Naira Maintains Stability Against Dollar Across Markets

Naira Maintains Stability Against Dollar Across Markets

The Nigerian Naira held its steady momentum against the United States Dollar during early trading on Friday. The local currency demonstrated continued stability across both the official window and the informal parallel market segments. In the Nigerian Foreign Exchange Market, which handles formal trade, the Naira opened the morning session at 1,370.05 per Dollar. This rate matches the closing trends from the previous session, where daily averages hovered between 1,371 and 1,373.

Liquidity within the official window remained resilient throughout the morning transactions. Steady interbank turnovers and structured interventions by the Central Bank of Nigeria supported the market volume.
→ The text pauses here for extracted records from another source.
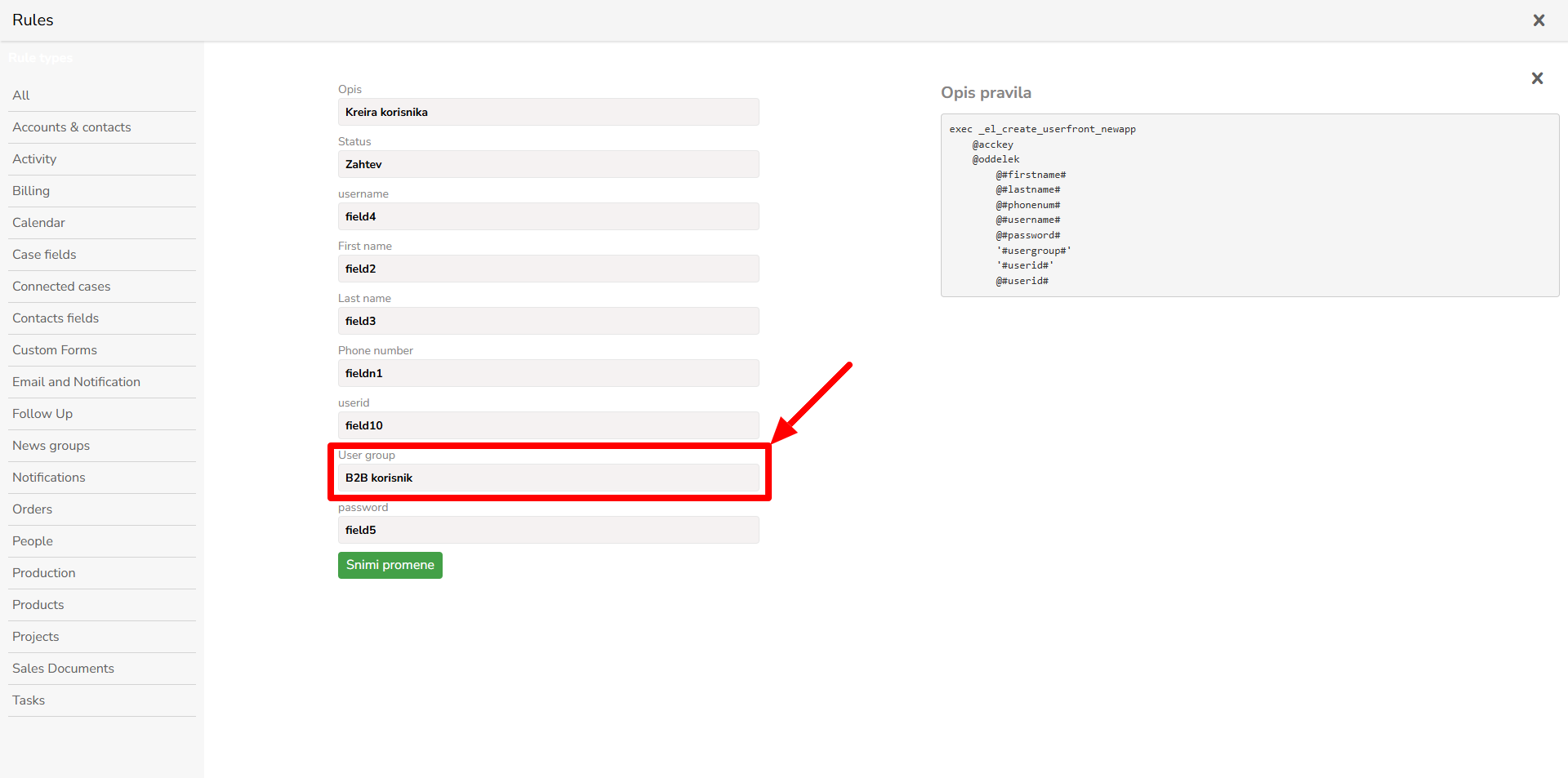 U prozoru "Rules" nalazi se polje "User group" i klikom na to polje otvara se meni sa svim dostupnim korisničkim grupama. Izabrati željenu korisničku grupu. Nakon toga kliknuti na dugme "Snimi promene".
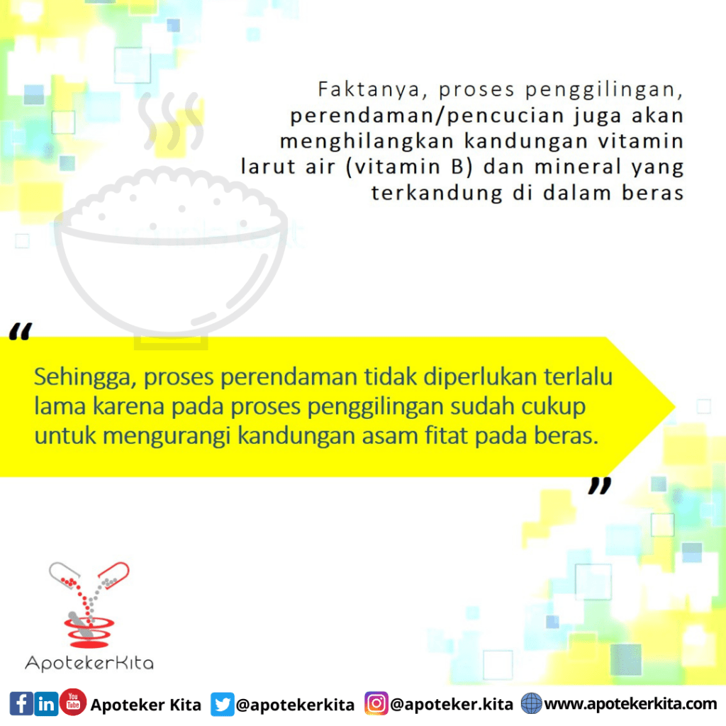 Hai Sobat Apoteker Kita! Jadi beras putih yang sehari-hari kita konsumi itu perlu direndam berapa lama sih?
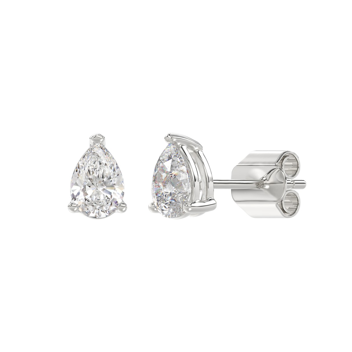 LADIES SOLITAIRE EARRINGS 1 1/2CT PEAR DIAMOND 14K WHITE GOLD
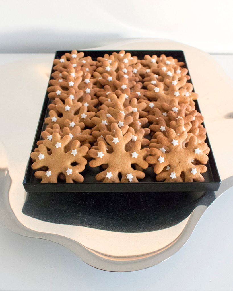 Leivoin noin puolet taikinasta hiutalemaisiksi, ja täytyy kyllä tunnustaa, että hermo oli mennä noin joka neljännen piparin kohdalla. Nuo sakarat! Pikkuleipien siirtäminen leivintasolta uunipellille oli vähän riepovaa. Toisaalta, tulihan niistä aika nättejä.
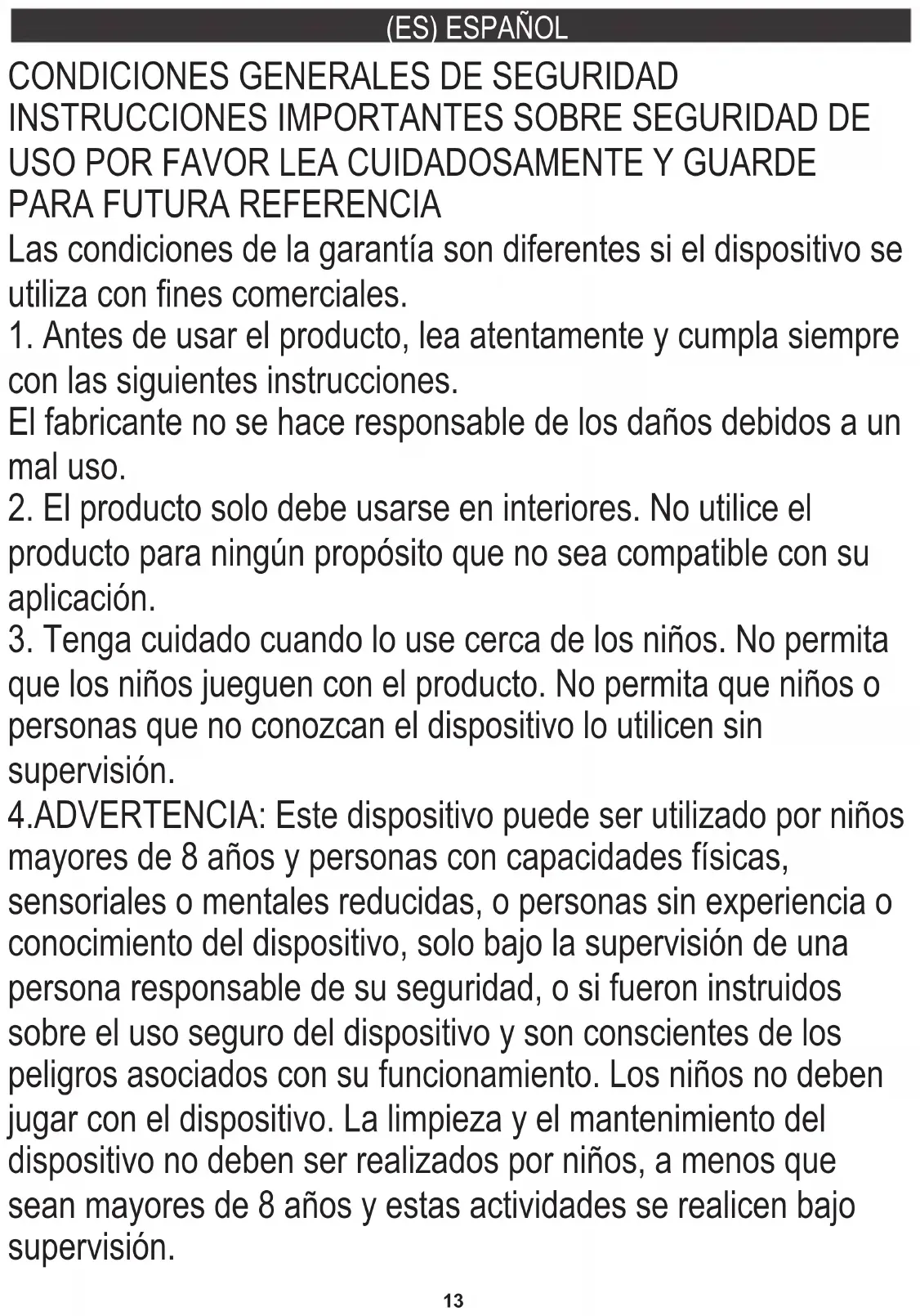que los niños jueguen con el producto. No permita que niños o personas que no conozcan el dispositivo lo utilicen sin supervisión. 4.ADVERTENCIA: Este dispositivo puede ser utilizado por niños mayores de 8 años y personas con capacidades físicas, sensoriales o mentales reducidas, o personas sin experiencia o conocimiento del dispositivo, solo bajo la supervisión de una persona responsable de su seguridad, o si fueron instruidos sobre el uso seguro del dispositivo y son conscientes de los peligros asociados con su funcionamiento. Los niños no deben jugar con el dispositivo. La limpieza y el mantenimiento del dispositivo no deben ser realizados por niños, a menos que sean mayores de 8 años y estas actividades se realicen bajo supervisión.14
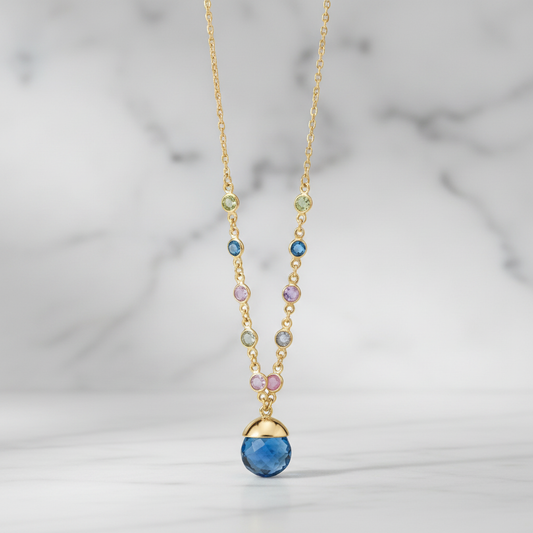14 Karat Gold Plated Sterling Silver Glass Drop Necklace, Blue Multi-Gemstone Pendant with Prasiolite, Amethyst, Labradorite, Pink Chalcedony, 16 Inch Chain

These deliberate actions effectively managed transaction matching and minimised sharp morning volatility for corporate buyers. The absence of dramatic price swings has offered temporary relief to manufacturers requiring foreign currency for raw material imports.

Informal trading channels across major commercial hubs mirrored the calmness seen in the official sector. In Lagos, Abuja, and Kano, Bureau De Change operators quoted trading rates tightly bound around 1,370 Naira for buying and 1,372 Naira for selling. This near-total convergence between the street market and the formal spot price marks a rare economic milestone. It suggests a sustained reduction in the speculative premium that historically distorted the local foreign exchange ecosystem.

Financial analysts credit this equilibrium to a deliberate combination of moderated retail demand and aggressive monetary tightening. The Central Bank currently maintains its Monetary Policy Rate at a high of 26.5 per cent. This restrictive policy squeezes local liquidity, making it expensive for speculators to hold large dollar positions. The high-interest-rate environment continues to anchor the local currency by discouraging opportunistic attacks on the greenback.

The current stability provides a predictable boundary for local businesses planning their mid-year budgets. However, maintaining this convergence depends entirely on the central bank’s ability to supply foreign exchange consistently. Any future drop in crude oil receipts or foreign portfolio inflows could easily test this fragile market harmony. For now, the aggressive monetary stance keeps the volatile currency market under tight administrative control.